- [Task item]
Beginning at the line that holds "김한빛 순천향대학교 응급의학과" and continuing to the last line of the data below, transcribe every line word for word, without pictures.

[Dataset records]
--- START ---

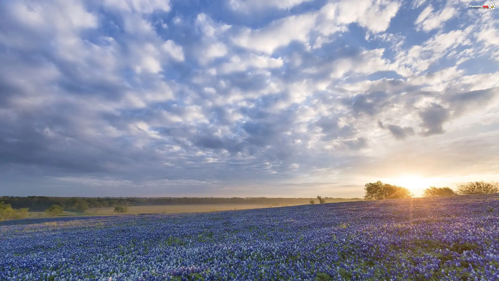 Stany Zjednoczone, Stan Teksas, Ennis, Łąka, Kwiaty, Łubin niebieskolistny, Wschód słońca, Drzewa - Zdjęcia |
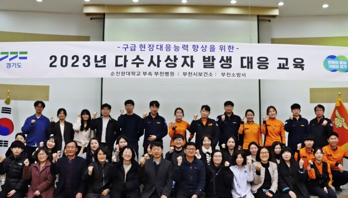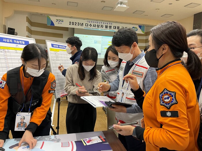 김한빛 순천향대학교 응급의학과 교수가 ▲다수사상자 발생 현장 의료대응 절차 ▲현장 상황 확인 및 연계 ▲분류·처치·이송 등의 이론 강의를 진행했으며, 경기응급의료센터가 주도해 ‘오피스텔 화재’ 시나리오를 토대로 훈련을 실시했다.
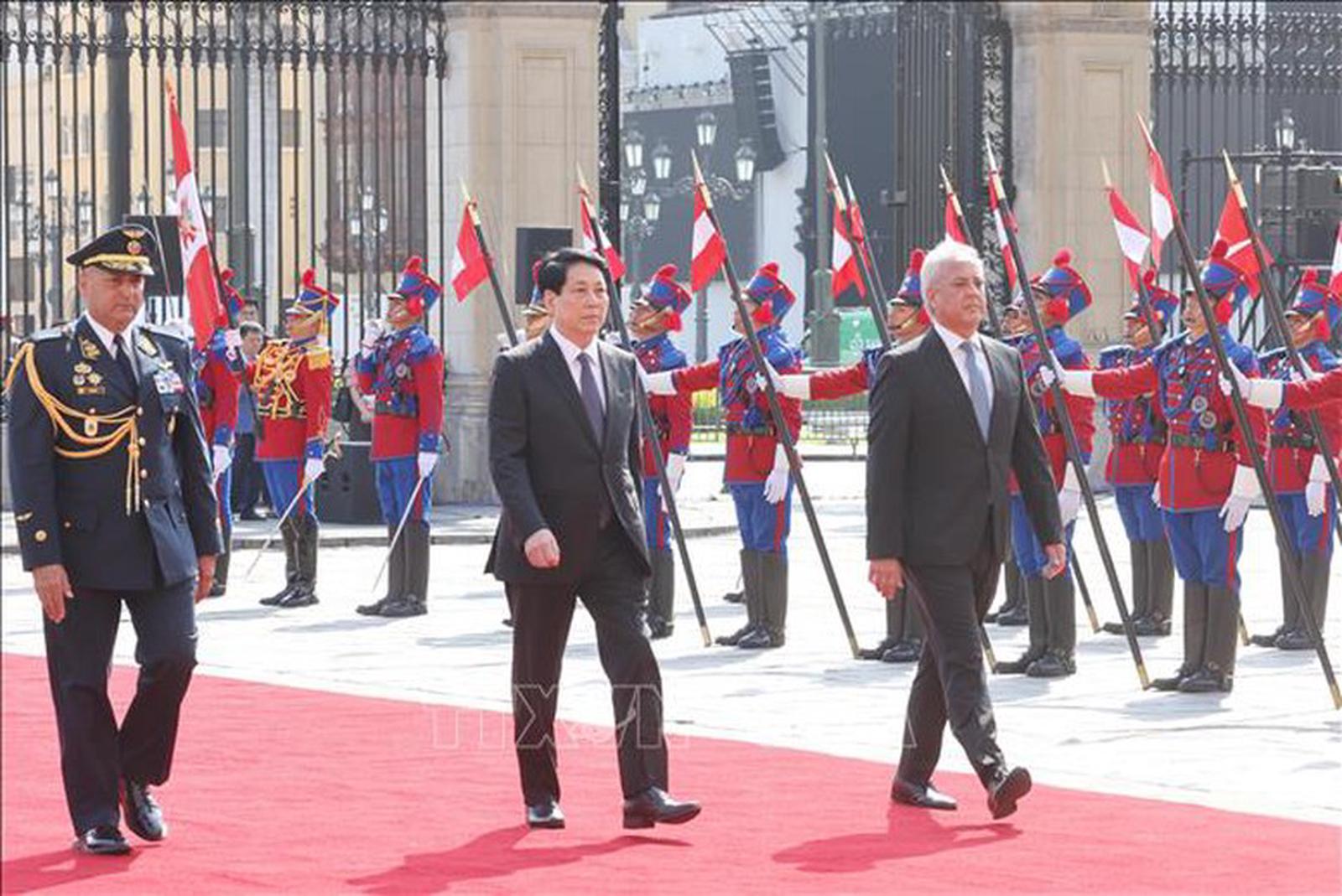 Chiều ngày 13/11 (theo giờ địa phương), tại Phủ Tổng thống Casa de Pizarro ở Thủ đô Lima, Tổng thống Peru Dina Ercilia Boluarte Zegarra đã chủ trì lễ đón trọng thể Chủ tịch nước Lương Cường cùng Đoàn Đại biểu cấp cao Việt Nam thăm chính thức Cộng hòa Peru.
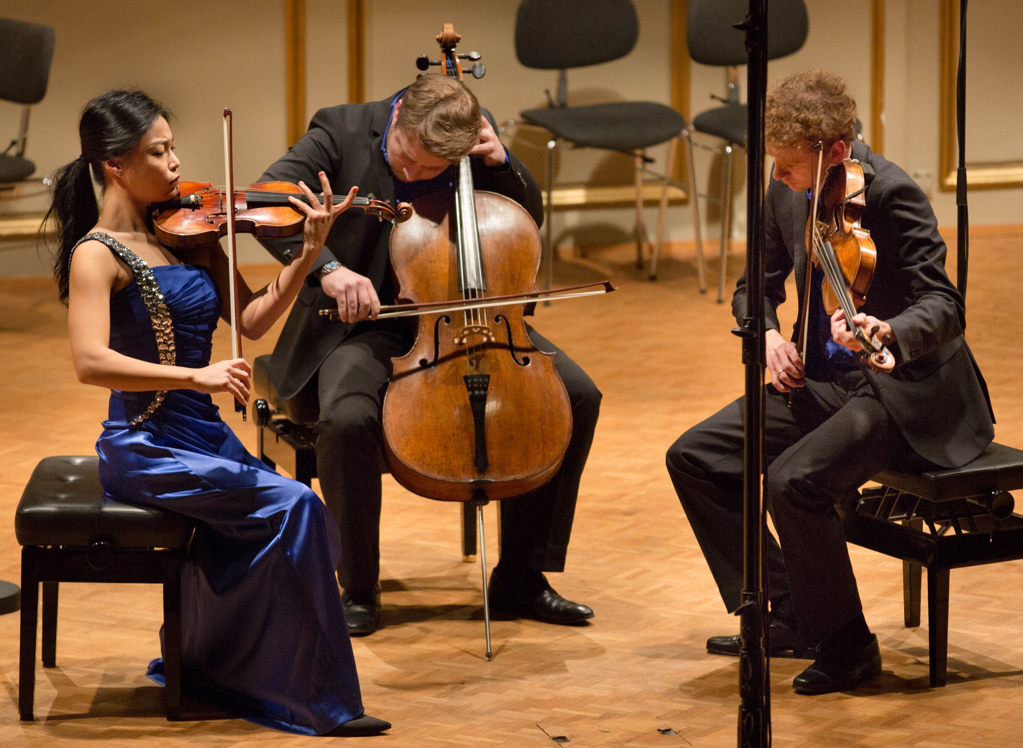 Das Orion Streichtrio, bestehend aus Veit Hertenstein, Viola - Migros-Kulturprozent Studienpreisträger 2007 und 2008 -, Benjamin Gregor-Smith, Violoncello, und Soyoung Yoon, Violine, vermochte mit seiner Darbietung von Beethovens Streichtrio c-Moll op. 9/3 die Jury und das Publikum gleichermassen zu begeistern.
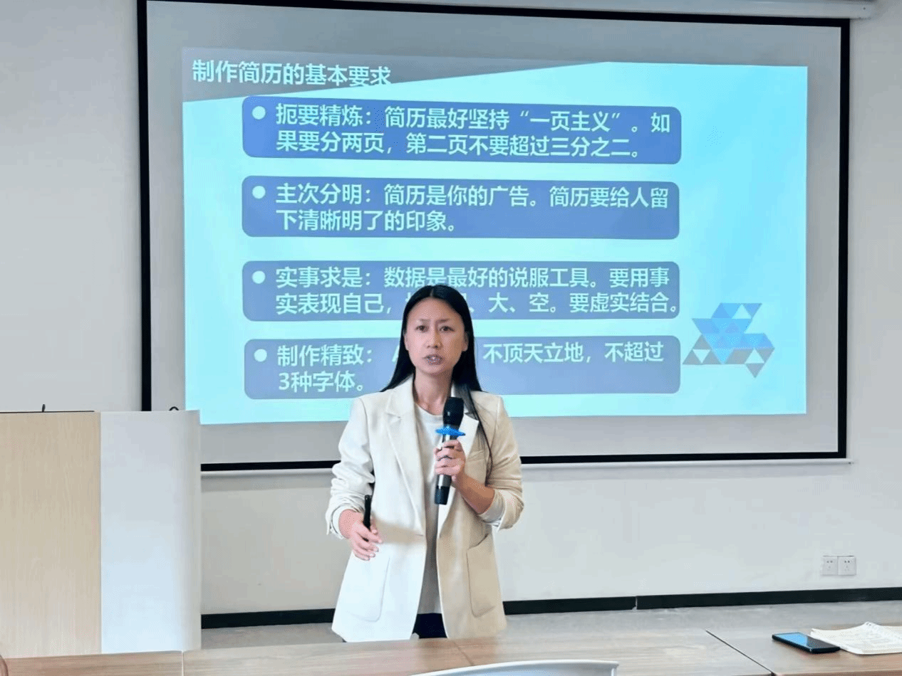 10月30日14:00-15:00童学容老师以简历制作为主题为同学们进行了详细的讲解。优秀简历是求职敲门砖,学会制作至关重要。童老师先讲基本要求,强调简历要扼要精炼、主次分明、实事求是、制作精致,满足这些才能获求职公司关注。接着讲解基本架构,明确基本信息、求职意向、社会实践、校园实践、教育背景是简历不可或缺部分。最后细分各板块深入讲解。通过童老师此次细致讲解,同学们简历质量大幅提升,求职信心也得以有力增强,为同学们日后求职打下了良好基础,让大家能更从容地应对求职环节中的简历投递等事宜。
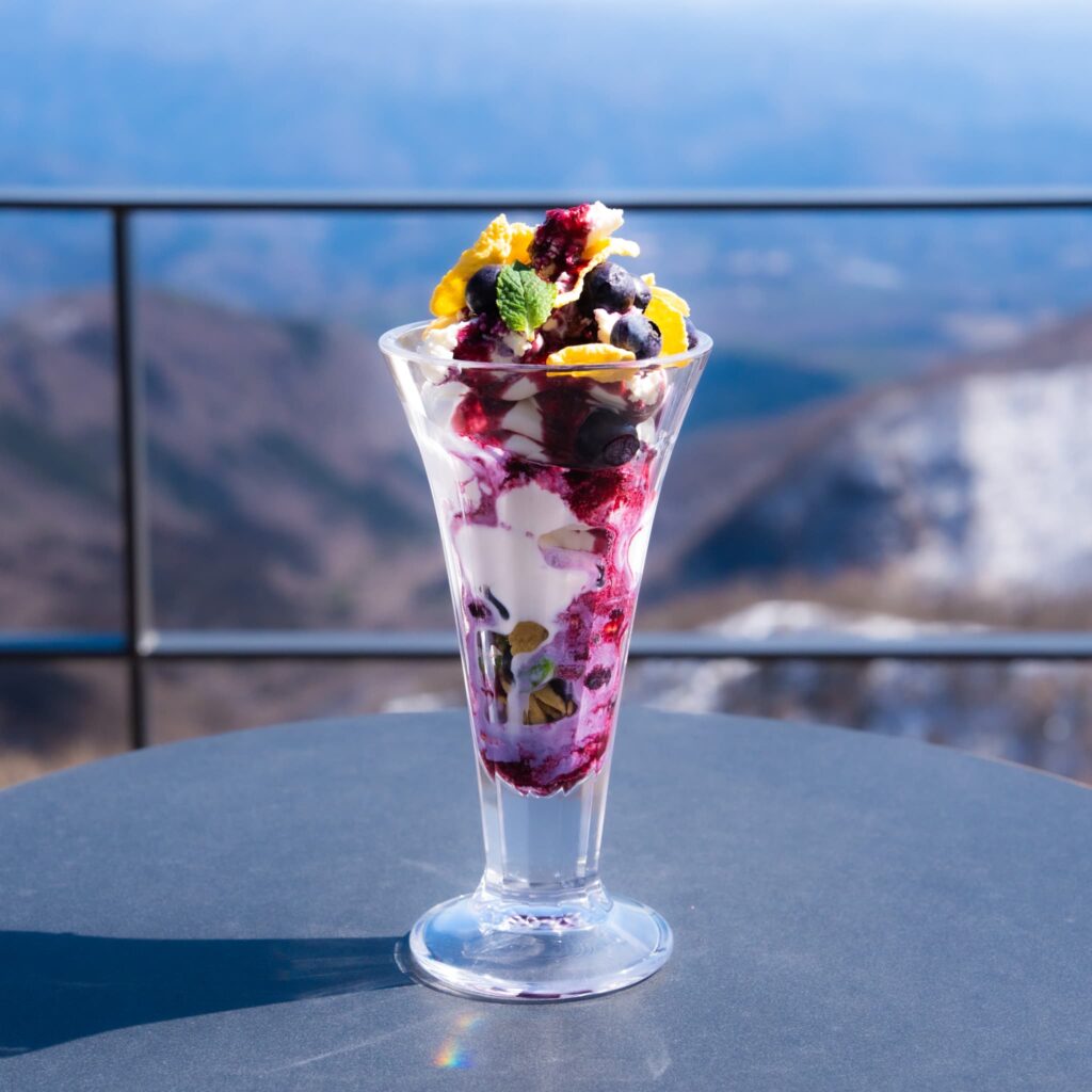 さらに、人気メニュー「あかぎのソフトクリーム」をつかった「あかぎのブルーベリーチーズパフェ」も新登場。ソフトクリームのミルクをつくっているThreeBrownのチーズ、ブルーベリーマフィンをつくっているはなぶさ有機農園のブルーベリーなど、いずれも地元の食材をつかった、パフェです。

--- END ---

- [Exercise solution]
 김한빛 순천향대학교 응급의학과 교수가 ▲다수사상자 발생 현장 의료대응 절차 ▲현장 상황 확인 및 연계 ▲분류·처치·이송 등의 이론 강의를 진행했으며, 경기응급의료센터가 주도해 ‘오피스텔 화재’ 시나리오를 토대로 훈련을 실시했다.
 Chiều ngày 13/11 (theo giờ địa phương), tại Phủ Tổng thống Casa de Pizarro ở Thủ đô Lima, Tổng thống Peru Dina Ercilia Boluarte Zegarra đã chủ trì lễ đón trọng thể Chủ tịch nước Lương Cường cùng Đoàn Đại biểu cấp cao Việt Nam thăm chính thức Cộng hòa Peru.
 Das Orion Streichtrio, bestehend aus Veit Hertenstein, Viola - Migros-Kulturprozent Studienpreisträger 2007 und 2008 -, Benjamin Gregor-Smith, Violoncello, und Soyoung Yoon, Violine, vermochte mit seiner Darbietung von Beethovens Streichtrio c-Moll op. 9/3 die Jury und das Publikum gleichermassen zu begeistern.
 10月30日14:00-15:00童学容老师以简历制作为主题为同学们进行了详细的讲解。优秀简历是求职敲门砖,学会制作至关重要。童老师先讲基本要求,强调简历要扼要精炼、主次分明、实事求是、制作精致,满足这些才能获求职公司关注。接着讲解基本架构,明确基本信息、求职意向、社会实践、校园实践、教育背景是简历不可或缺部分。最后细分各板块深入讲解。通过童老师此次细致讲解,同学们简历质量大幅提升,求职信心也得以有力增强,为同学们日后求职打下了良好基础,让大家能更从容地应对求职环节中的简历投递等事宜。
 さらに、人気メニュー「あかぎのソフトクリーム」をつかった「あかぎのブルーベリーチーズパフェ」も新登場。ソフトクリームのミルクをつくっているThreeBrownのチーズ、ブルーベリーマフィンをつくっているはなぶさ有機農園のブルーベリーなど、いずれも地元の食材をつかった、パフェです。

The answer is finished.